Rhaune Laslett (15 November 1919 - 28 April 2002) was an English community activist and the principal organiser of the Notting Hill Fayre or Festival, that evolved into the Notting Hill Carnival.

==Biography==

Rhaune Laslett was born Freda Pulverness in Stepney in the East End of London. Her mother Jennie was the daughter of Harris and Betsy Noskovitch. Her father was Abraham Pulverness. Laslett often claimed that she was of Native American heritage.

With the name Frederica R.A.J. Pulvernes or Gibbons, she married Terence A. Laslett in 1947 and was later divorced.

Laslett became president of the London Free School, organised by a coalition of local activists, including some emerging underground artists of the area, particularly John "Hoppy" Hopkins. The aims of the school were "to promote cooperation and understanding between people of various races and creeds through education and through working together". John Michell and Michael X provided 26 Powis Terrace as a base and the idea was born of a free fayre or festival, which became the Notting Hill Carnival.

She set up the Children's Play Group at 34 Tavistock Crescent that was visited on 15 May 1966 by Muhammad Ali prior to his fight against Henry Cooper.

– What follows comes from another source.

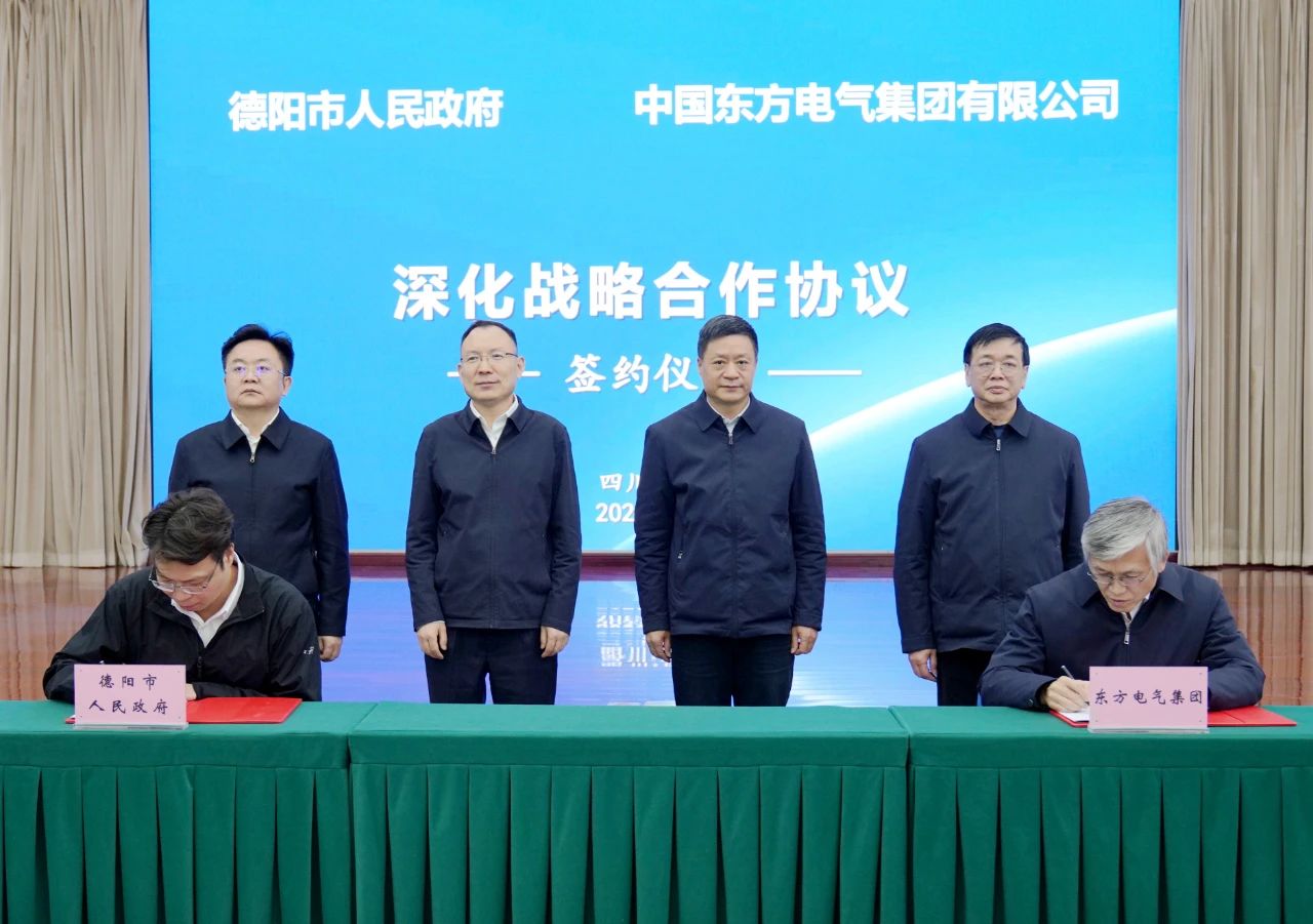 俞培根、李文清等領導共同見證了簽約儀式。簽約儀式分兩輪進行,第一輪中國東方電氣集團有限公司與德陽市人民政府簽署《深化戰略合作協議》;第二輪東方電氣風電股份有限公司與德陽發展控股集團有限公司簽署《戰略合作協議》。根據協議內容,雙方將發揮各自資源優勢,共同推動東方電氣集團在德陽布局和發展更多產業,助力德陽加快建設世界級清潔能源裝備制造基地。

In 1968, she married James O'Brien in London.

==Notting Hill Carnival==

In a series of articles to newspaper correspondents and in The Grove (newsletter of the London Free School), Laslett outlined the aims of the festival – that the various culture groups of Notting Hill become more familiar with each other's customs, to bring more colour and life to the streets and to counter the perception of the area being a run-down slum. As she stated to The Grove, "We felt that although West Indians, Africans, Irish and many other nationalities all live in a very congested area, there is very little communication between us. If we can infect them with a desire to participate then this can only have good results." The "Notting Hill Fayre and Pageant", or the London Free School Fair, was held over a week starting on 18 September 1966, and, as well as featuring a pageant that included "a man dressed as Elizabeth I and children as Charles Dickens characters", there was "a Portobello parade consisting of the London Irish girl pipers, a West Indian New Orleans-style marching band, Ginger Johnson's African-Cuban band, and Russell Henderson's Trinidadian steelband from the Coleherne pub in Earl's Court, followed by 2 fire engines".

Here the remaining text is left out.